The Iris Data Set contains three classes of 50 instances each, where each class refers to a type of iris plant. -
Kaggle
Inside Kaggle you’ll find all the code & data you need to do your data science work. Use over 50,000 public datasets and 400,000 public notebooks to conquer any analysis in no time. -
Kaggle – Titanic Survivor Data
This classic dataset includes training and testing data (to practice building models and seeing if they cross-validate) trying to predict whether people survived the Titanic disaster in 1912. -
Kaggle – World Happiness Data
This is a classic dataset for analysis. Over several years, it looks at national happiness and other data by country. It contains categorical and continuous data and has data nested within countries over time. -
Linear Regression Data Sets for Machine Learning
Here there are open linear regression datasets for free downloading. Some of the datasets include sample regression tasks to complete with the data. -
Project Implicit – Open Data for Implicit Racial Bias and More
Project Implicit was founded to foster the dissemination and application of implicit social cognition. The site contains many gigabytes of datasets looking at IAT data in psychology (fast, automatically learned associations with race, gender, etc.) and is an important repository of datasets for research in psychology.
Should I Trust This Data Source?
First, consider the overall reputation of the source for your data. At the end of the day, datasets are created by humans, and those humans may have specific agendas or biases that can translate through your work.
All the data sources we’ve listed here are reputable, but there are more sources for data that aren’t as reputable. The one caveat to our list here is that community-contributed collections, like data. world or GitHub, may vary in their quality. When in doubt about your data source’s reputation, compare it to similar sources that cover the same topic.
Is the Data Skewed?
Understanding how your dataset skews will help you choose the right data to analyze. It’s good to use visualizations to see how your dataset skews because it’s not always obvious by looking at the numbers alone.

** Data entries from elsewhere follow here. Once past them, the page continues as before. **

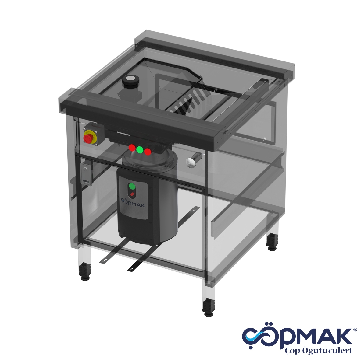 5) 700x700X850 mm ebadında 304 kalite paslanmaz koruma kapaklı öğütücülü dolap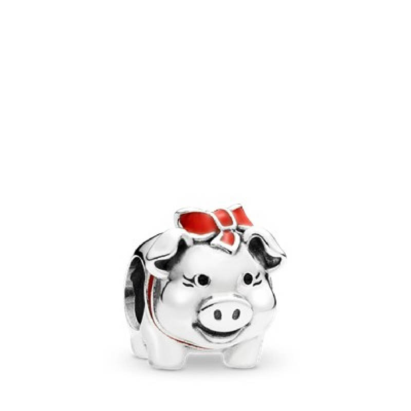 Pandora Piggy bank silver charm with black and red enamel 791809ENMX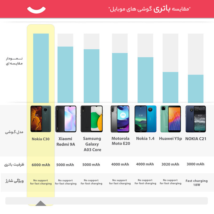 مشخصات باتری : باتری از نوع لیتیوم-پلیمر با ظرفیت 6000 میلیآمپر ساعت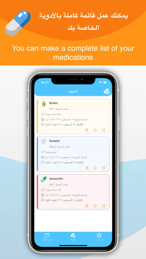 - يمكن اضافة جميع الأدوية الخاصة بك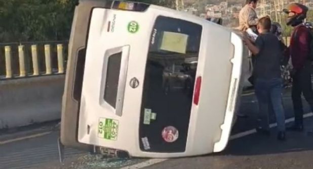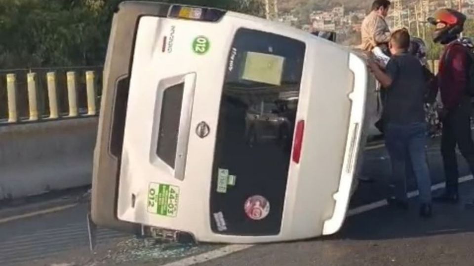 La mañana de este jueves se registró la volcadura de una unidad de transporte público sobre la autopista México–Pachuca, en el kilómetro 14, a la altura de Cerro Gordo, en el municipio de Ecatepec, Estado de México.
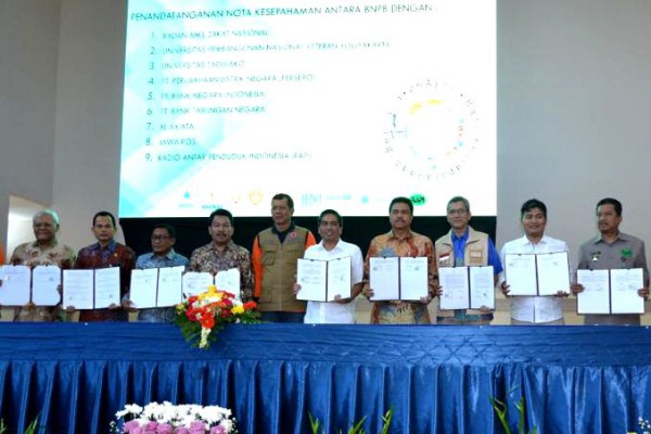 Direktur PT Bank Tabungan Negara (Persero) Tbk, Budi Satria bersama Kepala Badan Nasional Penanggulangan Bencana (BNPB) Doni Monardo (tengah) dan Kepala Divisi Commercial Funding and Services Division (CMFD) Bank BTN Anton Rijanto (kanan) usai Penandatanganan Nota Kesepahaman (Memorandum of Understandinng/MoU) antara BNBP dengan Bank BTN di Lembang, Jawa Barat, Jumat (26/4). Melalui penandatanganan MoU tersebut, Bank BTN mendukung BNPB dalam menanggulangi bencana mulai dari kondisi pra bencana, tanggap darurat, hingga pasca bencana. Lewat kemitraan ini, Bank BTN juga memberikan berbagai layanan perbankan untuk menanggulangi bencana. Bank BTN juga akan memberikan berbagai jasa pengelolaan dana bagi institusi BNPB maupun para karyawan lembaga tersebut. (*)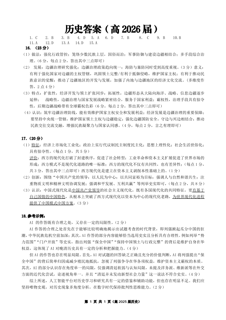 重庆名校联盟2026届高三下学期第一次联考 历史答案.pdf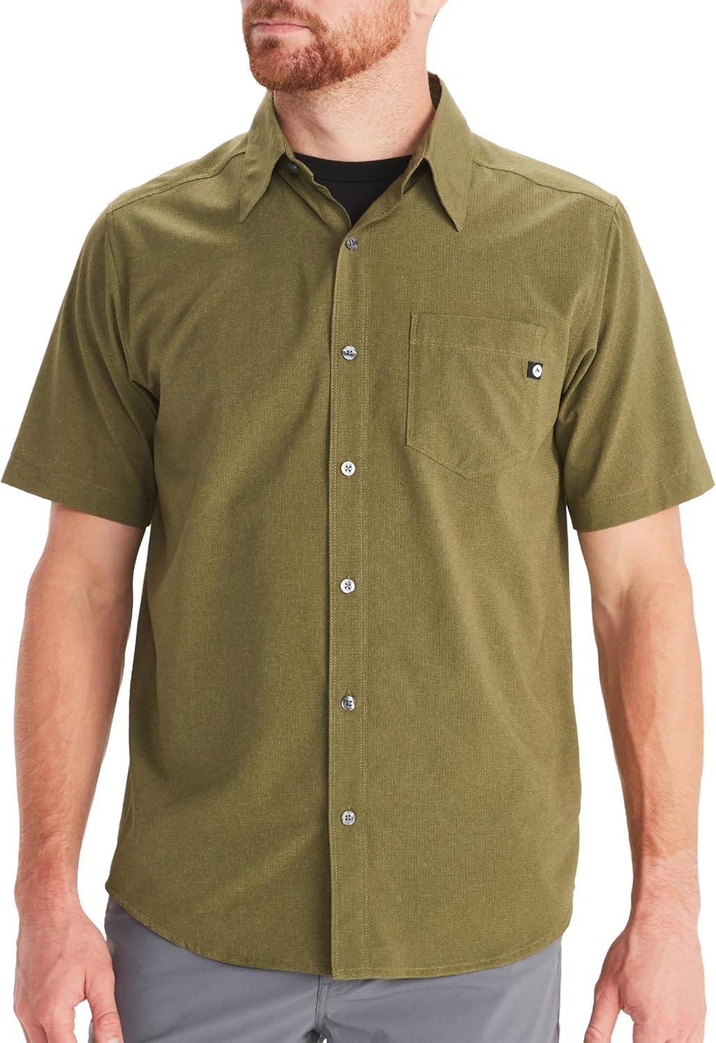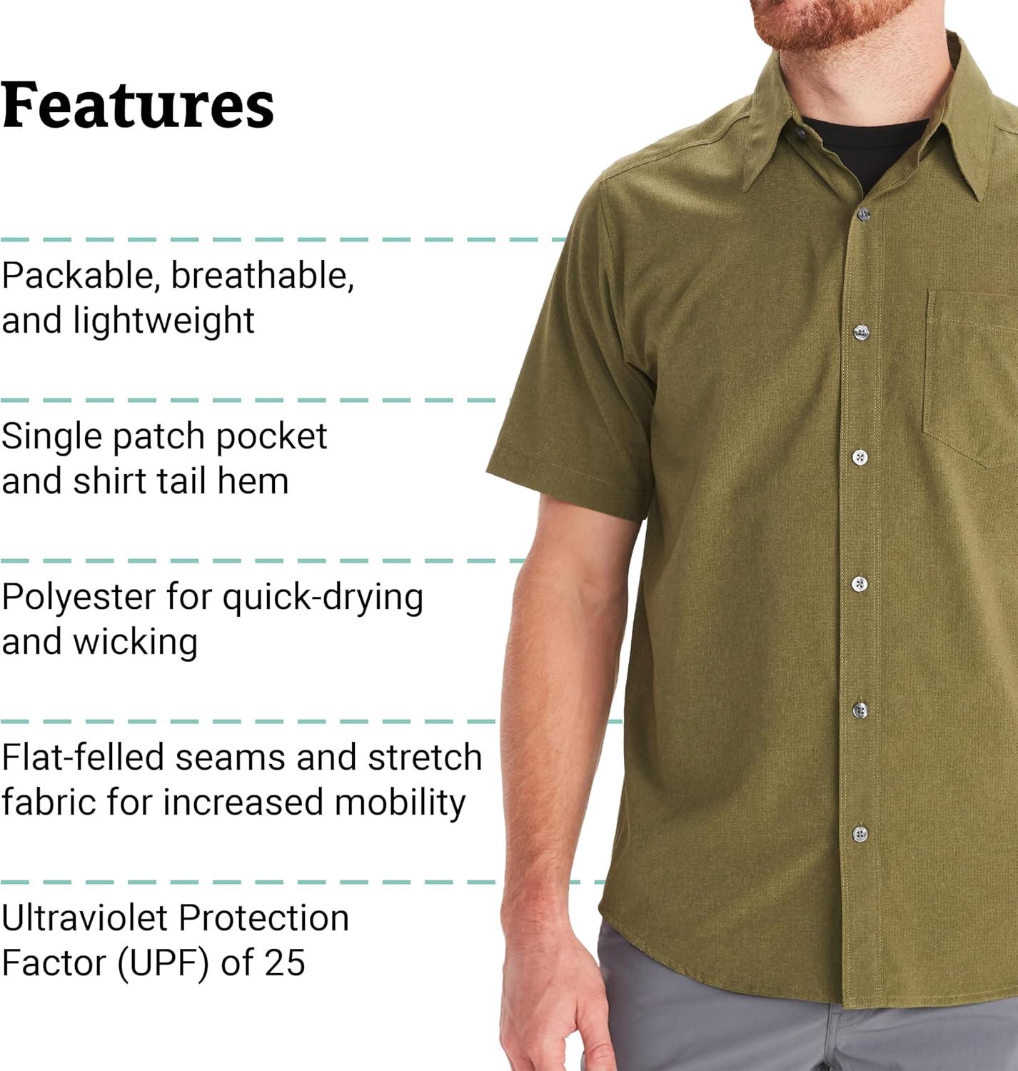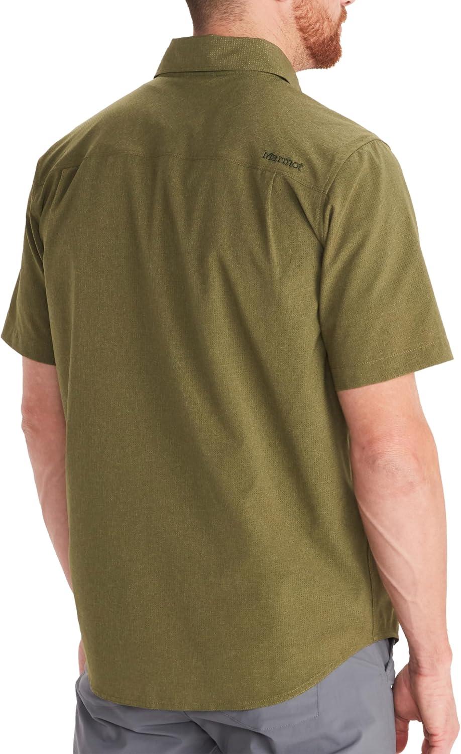 MARMOT Men’s Aerobora Short Sleeve Button-Down Shirt – Lightweight, Packable, Quick-Drying UPF Protection(Winter Moss)

For numeric columns, use a histogram to see which type of distribution each column has (normal, left, right, uniform, bimodal, etc.). Here’s a quick visualization of a few distributions you might see:
This visual understanding will help you avoid outliers and be aware of general trends as you perform your data analysis. Strict recommendations on what to do next depend on your dataset, but, overall, how it skews will provide a general idea of the data’s quality and hint at which columns to use in an analysis. You can then use this general idea to avoid misrepresenting your data.
For non-numeric columns, use a frequency table to check how many times a value appears. In particular, you might check if there is mostly one value present. If that’s the case, your analysis might be limited because the variety of values is small. Again, this is just to provide a general idea of data quality and indicate which relevant columns to use.
You can create these visuals and frequency tables within Excel or Google Sheets using CSVs, but you might want to look at a business intelligence (BI) tool for complex datasets.
Start Using Your Free Datasets
Once you have your data and are confident of its quality, it’s time to put it to work. You can go a long way with the likes of Excel, Google Sheets, and Google Data Studio, but if you want good practice for your data career, you should cut your teeth with the real deal: a BI platform like Chartio.
A BI platform will provide powerful data visualization capabilities for any dataset, from small CSVs to large datasets hosted in data warehouses, like Google BigQuery or Amazon Redshift. You can play with your data to create dashboards and even collaborate with others.